A different view from “Political Wire” —
Democrats are under pressure to show they can stand up to President Trump.
Some progressive voices — especially Ezra Klein and Robert Reich — are urging the party to shut down the government at the end of the month.
They argue Trump is seizing power undemocratically and that Democrats have no choice but to use the only leverage they have left: cutting off funds.
But history shows shutdowns are a losing strategy.
The party forcing a lengthy standoff never comes out ahead. Republicans in 1995 and in 2013, and Trump himself in 2019 all discovered the same lesson: the public blames the side that caused the shutdown.
The logic is simple. When the government closes, voters see the pain—unpaid workers, shuttered services, more inconvenience. The pressure builds not on the president, but on the party that triggered the crisis.
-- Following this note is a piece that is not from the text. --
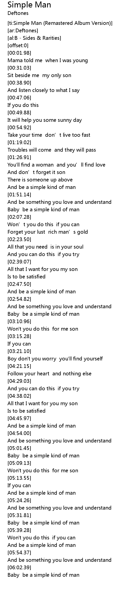 | [ti:Simple Man (Remastered Album Version)] | |

Eventually, they cut a deal that usually looks worse than what they could have had before the standoff began.
And in this case, the risk for Democrats is even greater.
Trump has no personal stake in whether the government operates. He’s not about to be forced to sign a bill just to end a shutdown he doesn’t mind continuing.
If Democrats somehow hold firm in the face of growing anger among voters, Senate Republicans could simply use the moment to abolish the filibuster and ram through their own spending bills.
In that case, Democrats get absolutely nothing.
Democrats can’t block Trump by paralyzing the government. Their only real option is to win back control of the House or Senate in 2026.
And it’s quite possible that forcing a shutdown will make that goal much harder.